Roberto Burgos Cantor*
29 de mayo de 2017 - 02:00 a. m.
 Viejos conocidos: Roberto Burgos Cantor y Gabriel García Márquez en Cartagena, durante un homenaje al primero por su obra.  / Cortesía de Alberto Abello Vives
Viejos conocidos: Roberto Burgos Cantor y Gabriel García Márquez en Cartagena, durante un homenaje al primero por su obra. / Cortesía de Alberto Abello Vives

Dónde quedarán esos años, los de un destino incipiente:

Después de los abuelos y su relato de una realidad que iba más allá de los ojos y poblaban de fantasías que embellecían los días, domesticaban el miedo con amuletos de conjuros. Y el encanto por la lista de palabras del diccionario. ¿Tanto cabía en el mundo? Tendría posibilidad de un ordenamiento. Cómo no olvidar la larga cuenta de palabras enhebradas por el papel, de amatista a zurúmbatico. Y los corredores y tiestos con flores, patio con árboles y arbustos, y la lanilla del verdín subiendo por la base de los pretiles, y la cortina densa de las lluvias inmemoriales que ahogan la vida y dejan al garete los recuerdos en su flotación de un presente húmedo. (Lea: Así fue el milagro de “Cien años de soledad”)

Un soplo de aire destemplado, en cualquier lugar de la tierra, le traía la sensación olorosa, a sal de mina, en las sabanas frías de la meseta, cubiertas de escamas de hielo por las heladas del amanecer. Había remontado el río Grande en la embarcación de rueda donde navegaban con ruta a las alturas los comerciantes del litoral, los políticos que iban a la instalación del Congreso Nacional, los turcos inmigrantes que habían desembarcado en Bocas de Ceniza, y los estudiantes que obtuvieron becas en las escuelas conventuales del centralismo andino. Orillas castigadas por la erosión, caimanes, poblaciones desoladas que conservaban playas de amor en Chimichagua, pasiones malogradas en Tenerife, y pesares en El Banco. Y los manatíes. Llegó a la estación del tren que continuaba alejándose del salitre, del almíbar de los frutales y se acercaba a la luz fría, de acero azulosa, con maría mulatas que lo sorprendieron, copetones y colibríes. Viajó en vagón de tres bancas, sin espaldar, con mujeres de canastos y ruanas y varones de sombrero, ellas de ojos maliciosos y ellos de tez roturada y cobriza. (Lea: El día en que todo empezó)

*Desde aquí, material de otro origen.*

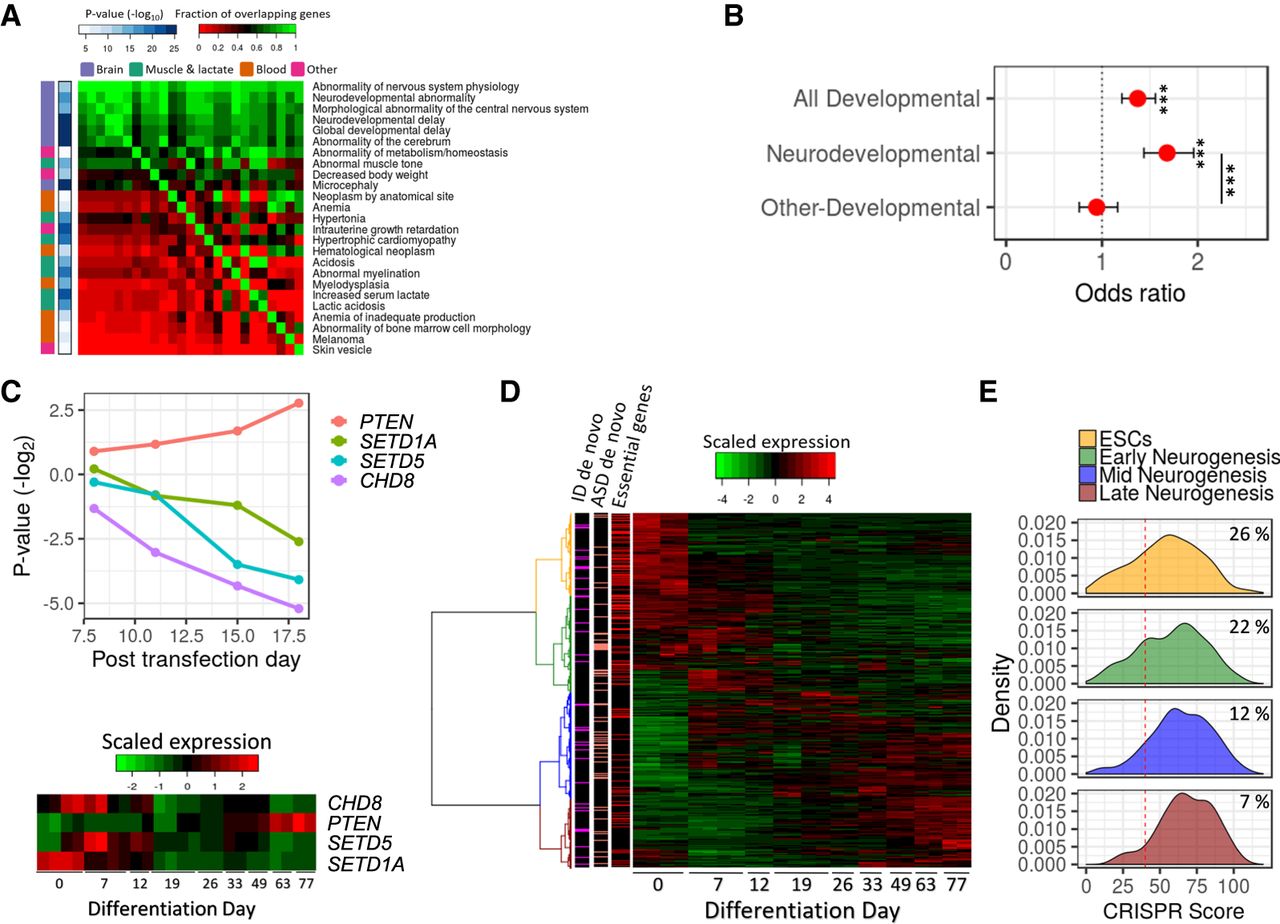 Essential genes in ESCs are associated with neurodevelopmental phenotypes. (A) Human phenotypes significantly enriched for essential genes. The phenotypes are ordered by the degree of overlap with other phenotypes. The color in the heat map corresponds to the degree of overlap in genes between phenotypes (red is low overlap; green is high overlap). The right-side bar indicates the significance level of the enrichment of each phenotype with essential genes. The left-side bar indicates the organs involved in the phenotypes. (B) Association between ESC-essential genes and risk genes for human developmental and neurodevelopmental disorders. Values are odds ratio ± 95% confidence interval. (***) Corrected P < 0.001. (C) (Top) Dynamic of gRNAs (average fold change) targeting four genes associated with neurodevelopmental disorders. (Bottom) The expression of the four genes during human in vitro corticogenesis. The colors of the heat map correspond to the normalized expression (red is high and green is low levels of expression). (D) A heat map of gene expression of risk genes for neurodevelopmental disorders during human in vitro corticogenesis. The colors of the heat map correspond to the normalized expression (red is high and green is low levels of expression). Side bars indicate ESC-essential genes (red), genes implicated in ASD by multiple de novo mutations (salmon), and genes implicated in ID by multiple de novo mutations (magenta). (E) Distribution of CRISPR scores for NDDs risk genes divided by expression patterns during human in vitro corticogenesis. The red line indicates a corrected P < 0.05. The numbers are the percentage of ESC-essential genes in each group.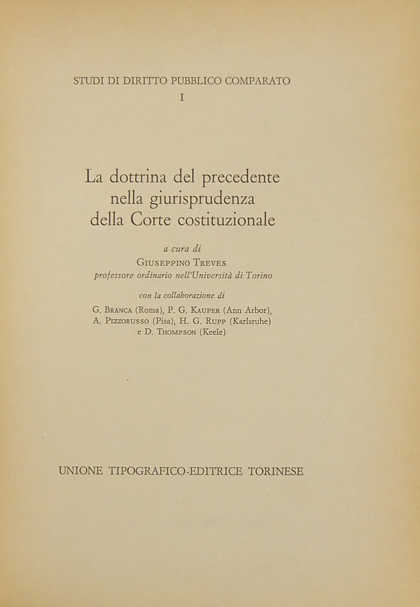La dottrina del precedente nella giurisprudenza della Corte Costituzionale. Con la collaborazione di: G. Branca, P.G. Kauper, A. Pizzorusso, H.G. Rupp, D. Thompson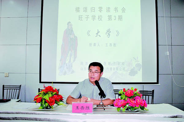 7月28日,橘颂归零读书会在牡丹区旺子学校举行,蓝态幸福文化公益基金会特聘讲师、山东橘颂归零文化传播有限公司文化顾问王西胜对儒家《四书》中《大学》的部分篇章进行了精彩解析。课堂上座无虚席,上百名市民参加了本次读书会。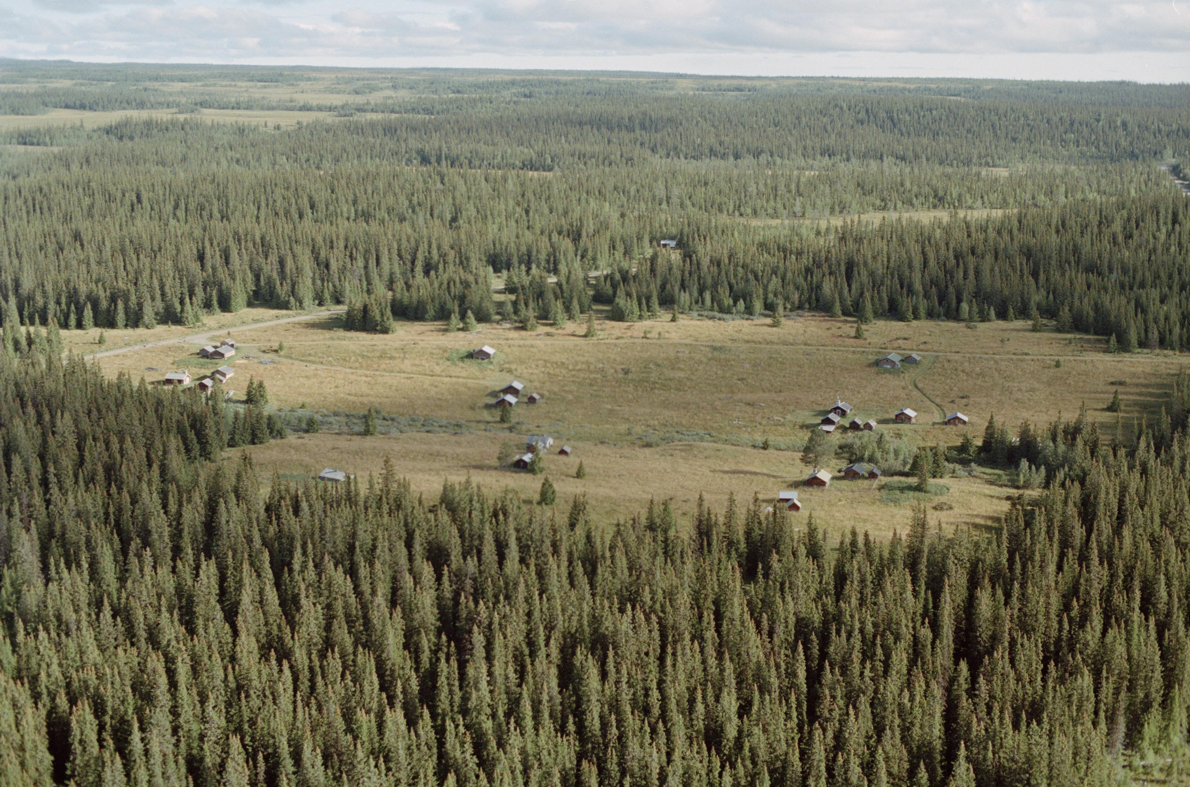 Beskrivning: Svedjebodarna i Ovikfjällens fäbodområde. Svedjebodbäcken rinner genom fäbodsbyn. Långbodåsen över bildens mitt. Bilden är tagen mot (väderstreck): NO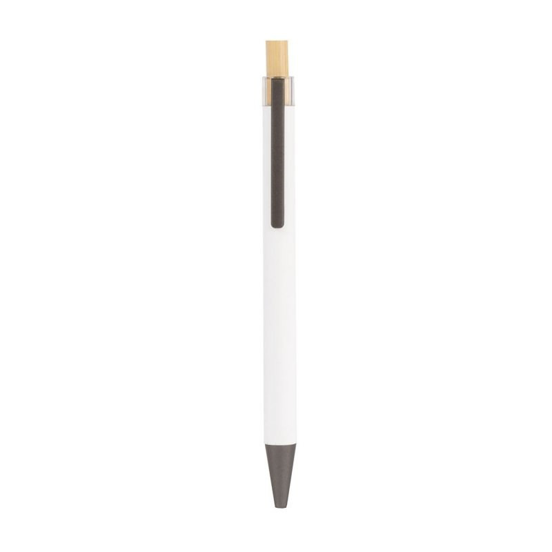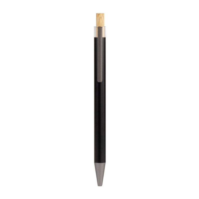 Penna a sfera con meccanismo a scatto, realizzata in alluminio riciclato, finitura opaca, con pulsante in bambù. Simbolo del riciclato sulla penna. Inchiostro blu.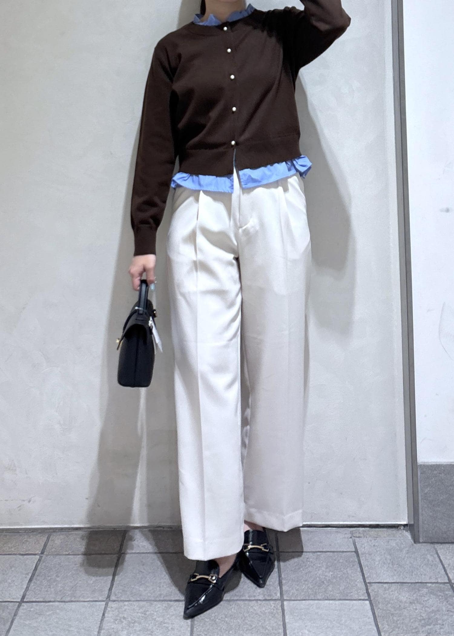 ホワイトのパンツで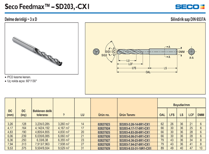 SD203 -CX1 DIN 6537A Seco Feedmax - SECO |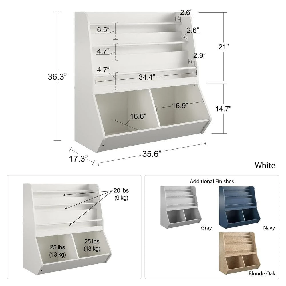 - The Toy Storage ships flat to your door and 2 adults are recommended to assemble. The 3 top shelves can hold up to 20 lbs. each. The lower 2 cubbies will hold 25 lbs. each. Assembled dimensions: 36.3″H x 35.6″W x 17.3″D.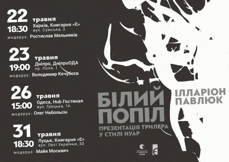 Містика, нуар, детектив, елементи трилера, кінематографізм і хороший літературний смак. Заради такого поєднання точно варто прийти у вівторок, 31 травня, о 18:30 у Книгарню«Є» (Луцьк, Лесі Українки, 30) на презентацію роману Ілларіона Павлюка «Білий попіл». Секрети книжки, скільки у ній Гоголя і «Вія», де межа між добром і злом та наскільки міцні треба мати нерви, щоб читати цей роман, розкриватимуть Ілларіон Павлюк та Майя Москвич.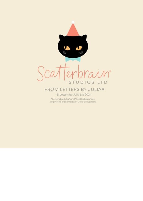Scatterbrain And Baby Makes Three! Card. Front of card:Large peach cloured circle containg text on a beige background which has black geomterical shapes on it. The text in the center reads: "Baby On Board", and text at the bottom of the card that reads "Congratulations Stephanie!" this text is editable.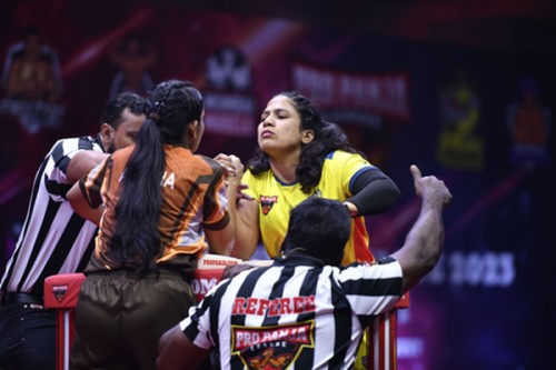 Kiraak's Madhura came on yet again and pinned Ludhiana's Aparna Roshith via top roll to continue her dominance in 65kg category. Using challenger round to her advantage, Madhura again shifted momentum back to Kiraak's corner, and continued her unbeaten streak in Pro Panja League. Ludhiana sent Sachin Bhadoria against Kiraak's Jagadish Baruah for 100kg bout. The latter completely dominated the bout to get a clean sweep win and earned 5-0 victory, helping Kiraak Hyderabad pick 18-10 win, and climb to top of the table.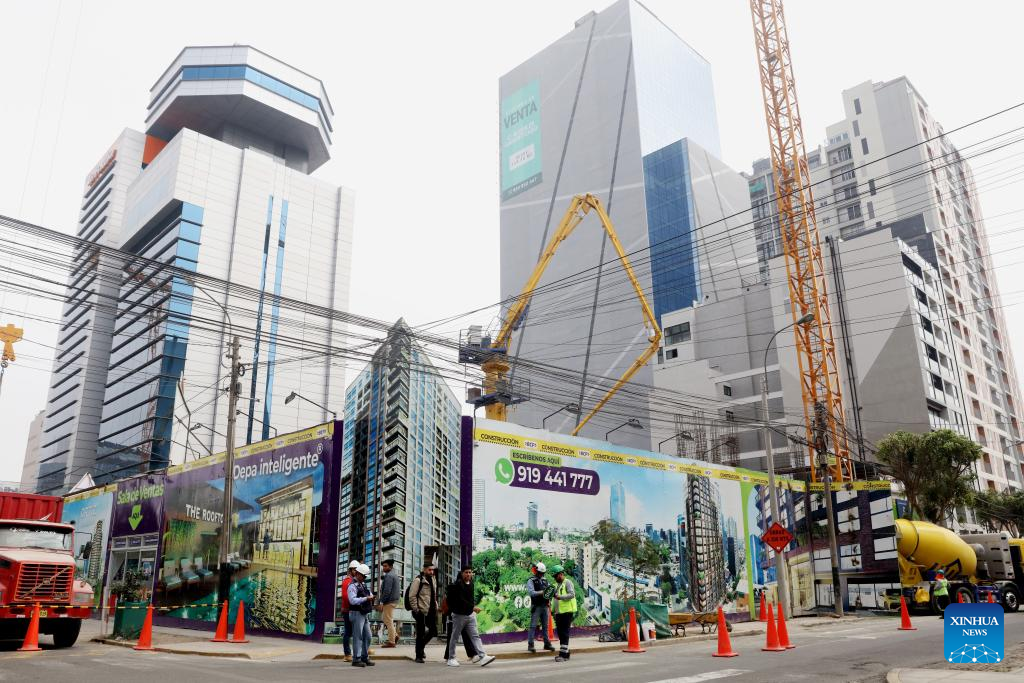 Obreros trabajan en la construcción de un edificio, en Lima, Perú, el 15 de septiembre de 2025. La economía de Perú creció 3,35 por ciento entre enero y julio de 2025, mientras que en el período anualizado de agosto de 2024 a julio de 2025 avanzó 3,65 por ciento, informó el lunes el Instituto Nacional de Estadística e Informática. (Xinhua/Mariana Bazo)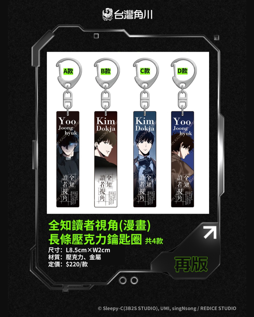全知讀者視角(漫畫) 長條壓克力鑰匙圈 A、B、C、D款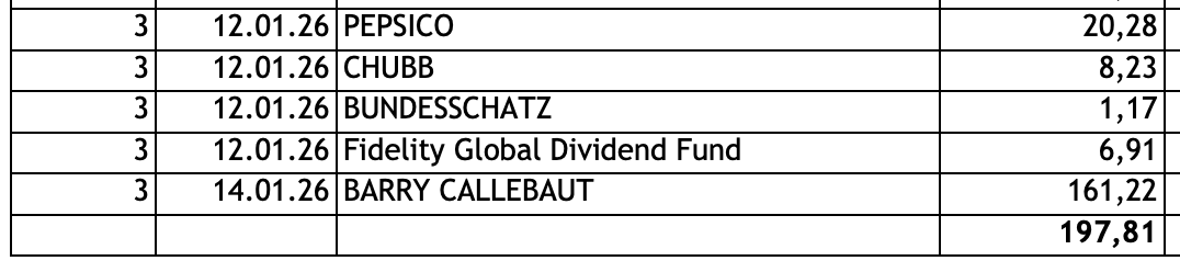 Dividenden Einkommen Kalenderwoche 03 / 2026: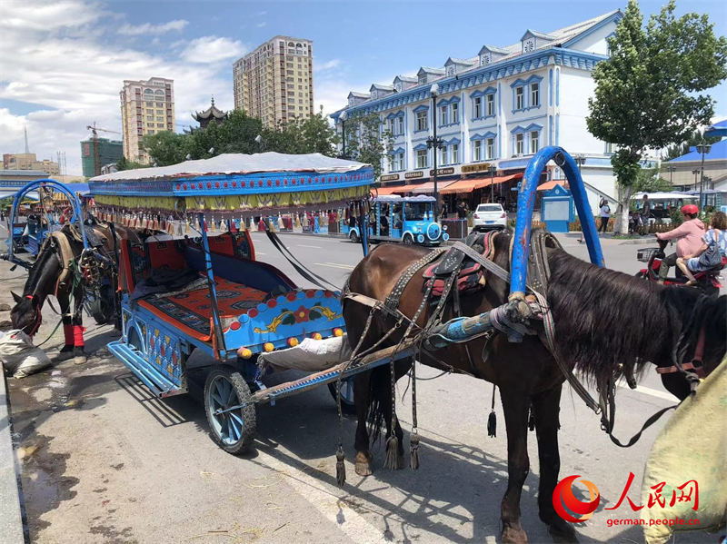 Pferdewagen warten auf Kundschaft. (Foto: People’s Daily Online/Oliver Fritzsch)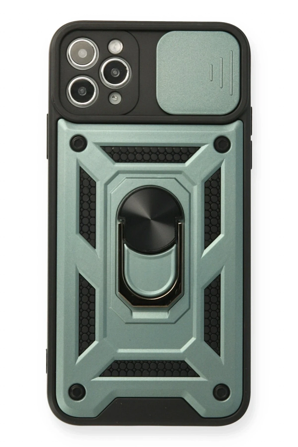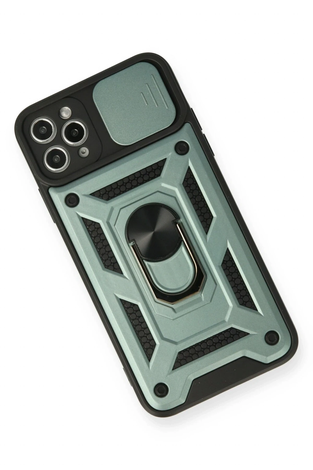 Newface iPhone 11 Pro Max Kılıf Pars Lens Yüzüklü Silikon - Yeşil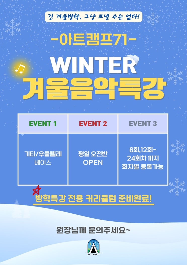 #의정부기타학원 #겨울방학특강 #우쿨렐레 긴 겨울방학, 우리 아이 특기 하나 만들어줄 기회! 안녕하세요, 아트캠프71 의정부민락점입니다. 길고 긴 겨울방학을 앞두고 우리 아이들이 그냥 시간을 흘려보낼까 봐 걱정하는 학부모님들이 많으시죠? 특히 요즘 학생들은 악기 하나쯤은 기본으로 다룰 줄 알아야 하는 분위기라서 더 신경이 쓰이실 것 같아요. 아이들을 가르치는 입장에서, 방학만큼 집중적으로 실력을 올릴 수 있는 기회는 없다고 생각하는데요. 그래서 저희 아트캠프71 의정부민락점에서 알찬 겨울방학 음악 특강을 준비했습니다! 기타, 우쿨렐레를 단기간에 확실하게 배울 수 있도록 특강 전용 커리큘럼을 준비했어요. 곡....... <img src="https://blogthumb.pstatic.net/MjAyNTEyMTNfMjIy/MDAxNzY1NTU0MTU0OTU3.kqfpFemRRYQDW1y8l1XQazdr8jGcpKBmM8K6GC5md2Mg.8oPjeBGCwfJdWwgh7ntGVsw7qsyDEuicrTP7SgKQuEog.JPEG/A2%A3%AD%C6%F7%BD%BA%C5%CD_%A3%A85%A3%A9.jpg?type=s3" />
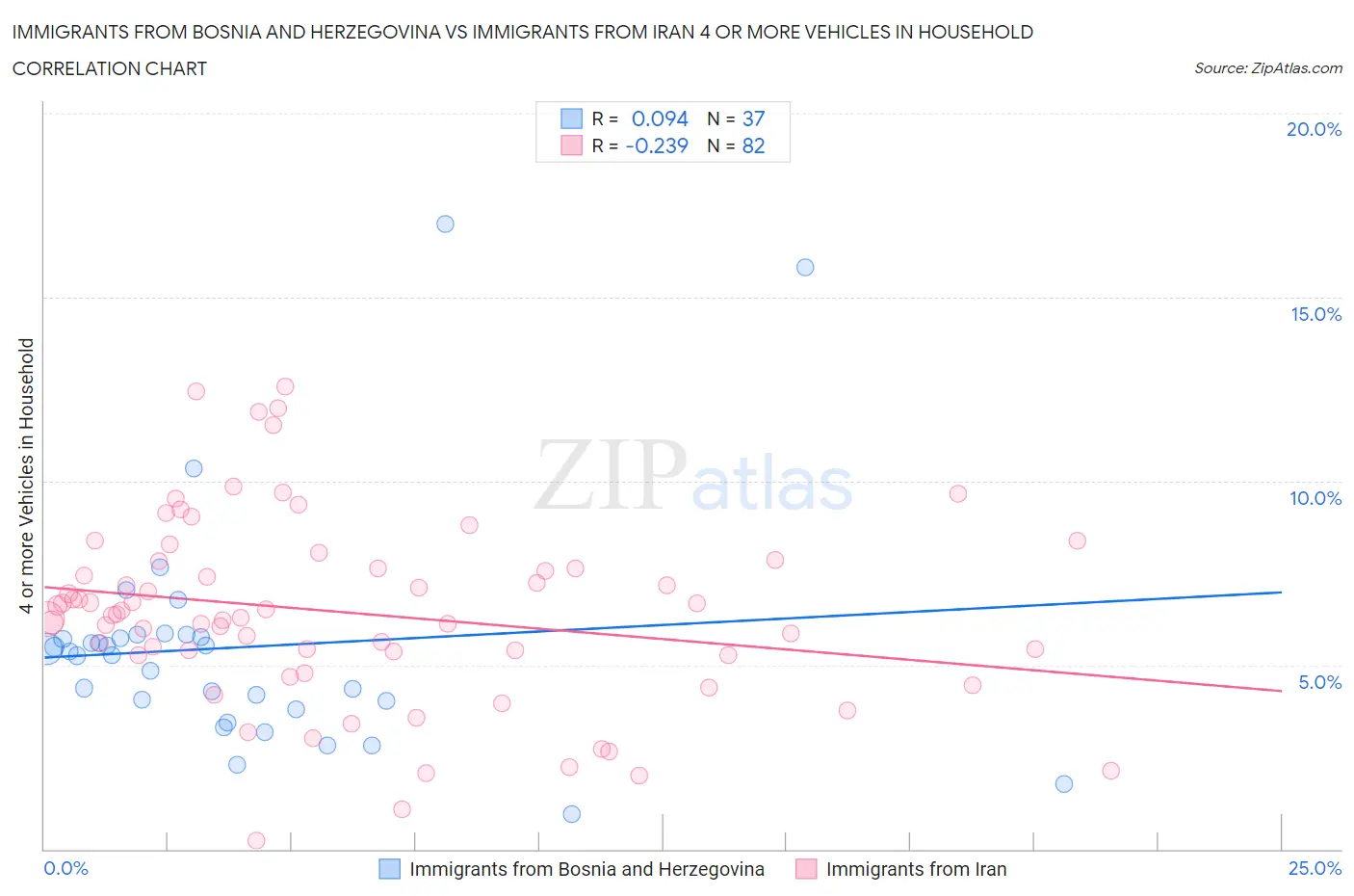 Immigrants from Bosnia and Herzegovina vs Immigrants from Iran 4 or more Vehicles in Household Correlation Chart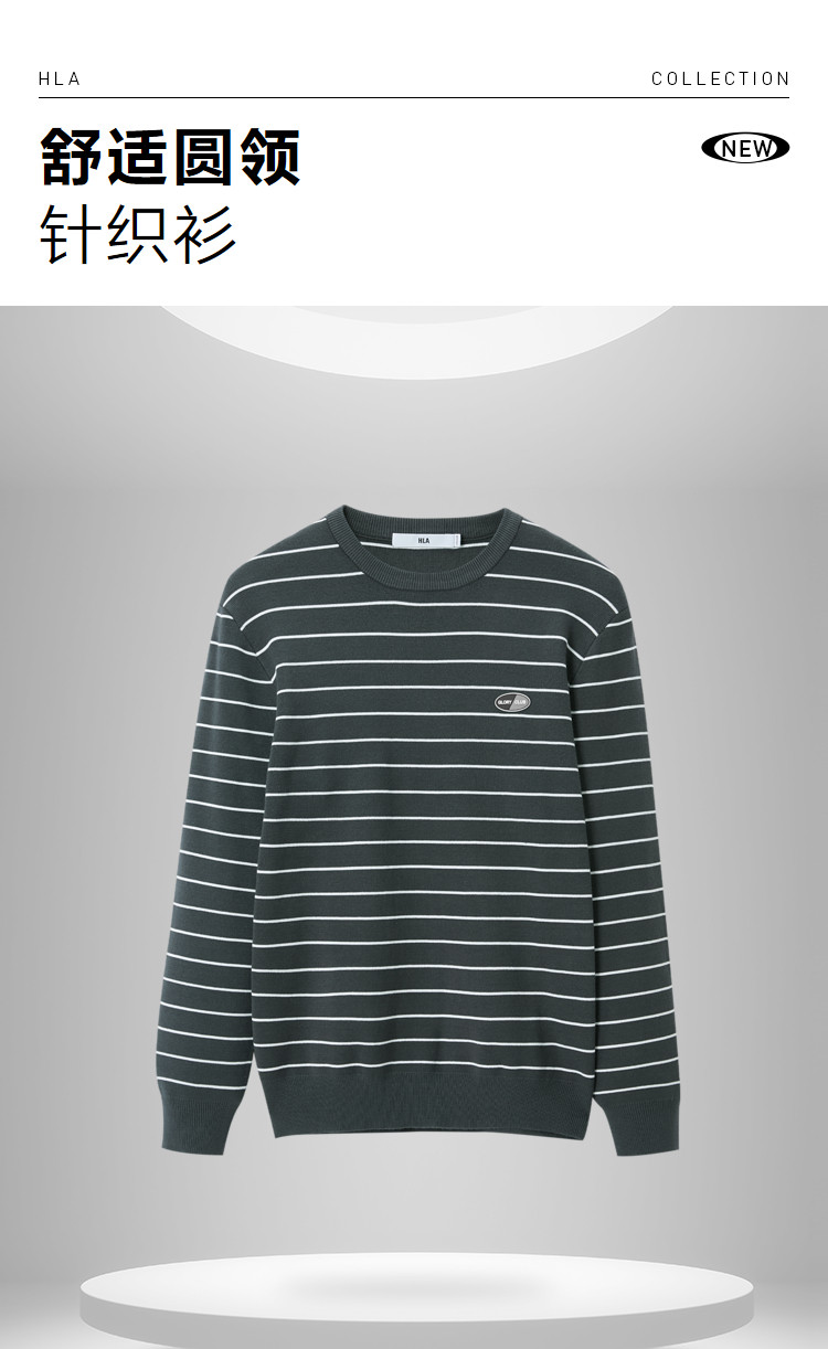 【舒适圆领】春秋热销保暖撞色条纹男士长袖针织衫 767112

Pueblos donde el frío instaló el recogimiento. La cerveza tibia carecía de la lepra de hielo de los refrigeradores del Caribe. Aquí, para lo que el lenguaje excluyente del centro denomina provincianos, la lectura era una redención y un consuelo. Domingos sin misa, sin fiestas callejeras, y el lento surgimiento de la amistad en un país sin entendimiento de la diferencia. Sorpresa, rechazo y burla para quien no habla ni se viste ni piensa igual a mí. Mi mí que es absoluto. Señorita Mimí hasta la eternidad: doncella.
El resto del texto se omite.